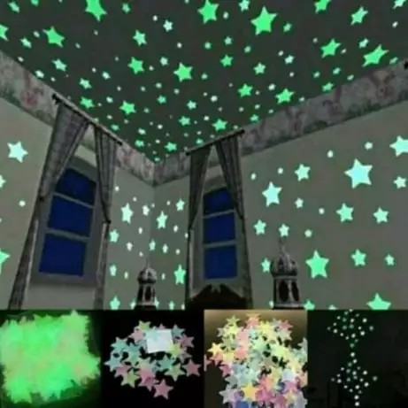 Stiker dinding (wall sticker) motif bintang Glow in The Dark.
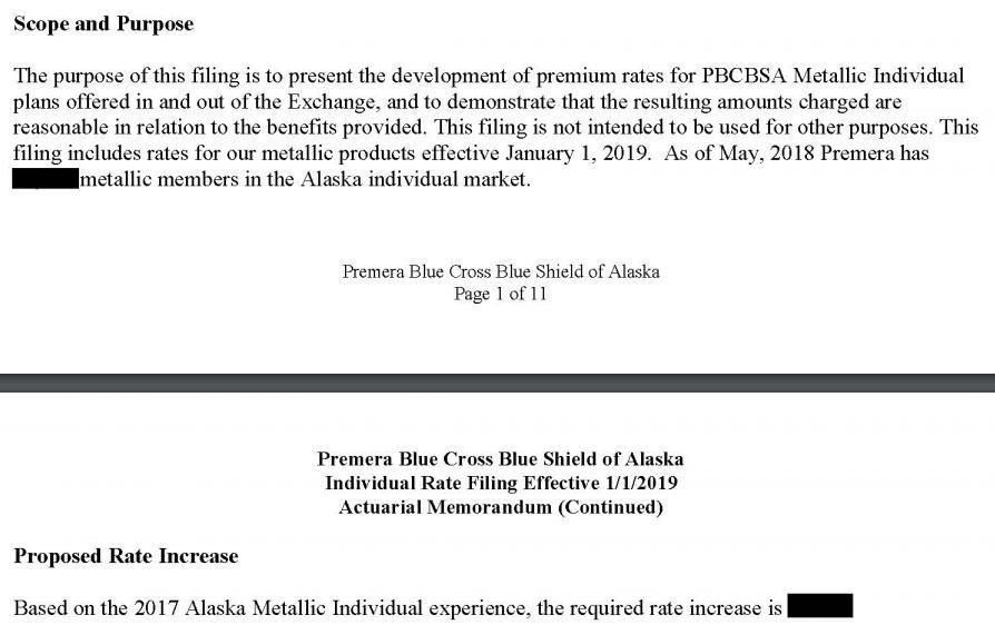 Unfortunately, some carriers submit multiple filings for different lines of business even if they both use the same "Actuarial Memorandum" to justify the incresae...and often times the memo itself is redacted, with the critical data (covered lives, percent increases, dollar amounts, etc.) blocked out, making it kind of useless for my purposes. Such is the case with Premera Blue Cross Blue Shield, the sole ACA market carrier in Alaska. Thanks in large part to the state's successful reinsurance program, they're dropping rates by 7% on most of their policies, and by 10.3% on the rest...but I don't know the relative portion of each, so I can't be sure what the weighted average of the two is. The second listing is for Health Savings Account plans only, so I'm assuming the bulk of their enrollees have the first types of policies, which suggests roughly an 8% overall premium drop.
● ● ●
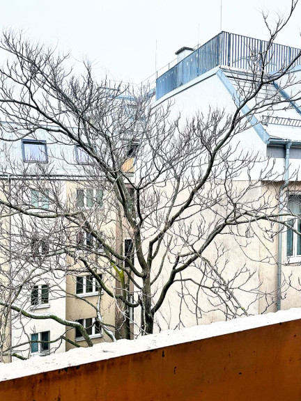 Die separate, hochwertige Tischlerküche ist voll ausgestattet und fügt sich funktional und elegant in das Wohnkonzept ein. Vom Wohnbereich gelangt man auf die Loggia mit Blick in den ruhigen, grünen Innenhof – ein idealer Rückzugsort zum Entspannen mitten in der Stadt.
● ● ●
What you write out is the stretch of entries from the line containing "Stiker dinding (wall" to the line containing "Unfortunately, some carriers", word for word, with both end lines and no pictures.

Reply:
 Stiker dinding (wall sticker) motif bintang Glow in The Dark.
 Unfortunately, some carriers submit multiple filings for different lines of business even if they both use the same "Actuarial Memorandum" to justify the incresae...and often times the memo itself is redacted, with the critical data (covered lives, percent increases, dollar amounts, etc.) blocked out, making it kind of useless for my purposes. Such is the case with Premera Blue Cross Blue Shield, the sole ACA market carrier in Alaska. Thanks in large part to the state's successful reinsurance program, they're dropping rates by 7% on most of their policies, and by 10.3% on the rest...but I don't know the relative portion of each, so I can't be sure what the weighted average of the two is. The second listing is for Health Savings Account plans only, so I'm assuming the bulk of their enrollees have the first types of policies, which suggests roughly an 8% overall premium drop.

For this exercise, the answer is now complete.